Cosa cambia oggi? Con l'inserimento nel TUIR (Testo Unico Imposte sui Redditi) dell'articolo 24-bis, alle persone straniere o italiane che decidono di trasferire la residenza fiscale in italia ( a patto che nei 10 anni scorsi non l'abbiano avuta) può essere applicata una imposta sostitutiva dei redditi prodotti all'estero di 100.000 euro. Il provvedimento potrebbe invogliare i campioni- azienda del calibro internazionale, che spesso oltre al reddito dipendente di calciatore possiedono svariate attività economiche in molti paesi, a trasferirsi in Italia e a cedere le proprie prestazioni sportive ai club nostrani.

Certo, ogni caso andrebbe valutato singolarmente, in base alle regole fiscali esistenti nei paesi coinvolti: qualora nel paese dove il reddito venisse prodotto, fosse prevista una cospicua tassazione concorrente, allora il trasferimento della residenza in Italia non porterebbe sostanziali benefici.

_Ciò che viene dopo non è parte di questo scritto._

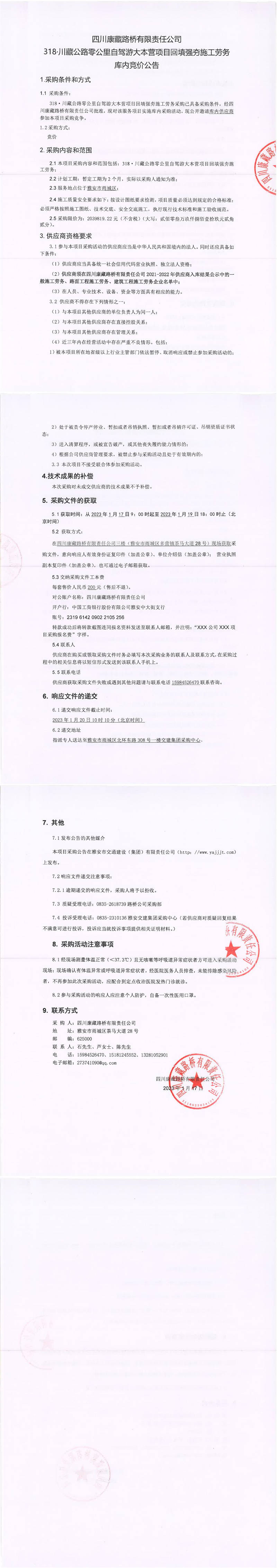 四川康藏路橋有限責(zé)任公司S431蘆山縣龍門至雙石段改建工程項(xiàng)目邊坡防護(hù)工程施工勞務(wù)采購競爭談判結(jié)果公示

Nel caso in cui invece vi fosse esenzione nel paese fonte del reddito, la situazione diventerebbe molto appetibile. 100mila euro di tasse su un reddito di svariati milioni di euro prodotti son bruscolini.

In generale, se immaginiamo la competitività del sistema calcio come un bersaglio e la forza economica dei club italiani come un arco, di sicuro questo provvedimento può essere una freccia in più nella faretra che già contiene i progetti degli stadi nuovi di proprietà, necessari a recuperare il gap rispetto ad altri paesi con club meno blasonati e un bacino d'utenza inferiore al nostro, ma che con politiche intelligenti si sono ritagliati un ruolo di spicco nel panorama calcistico internazionale.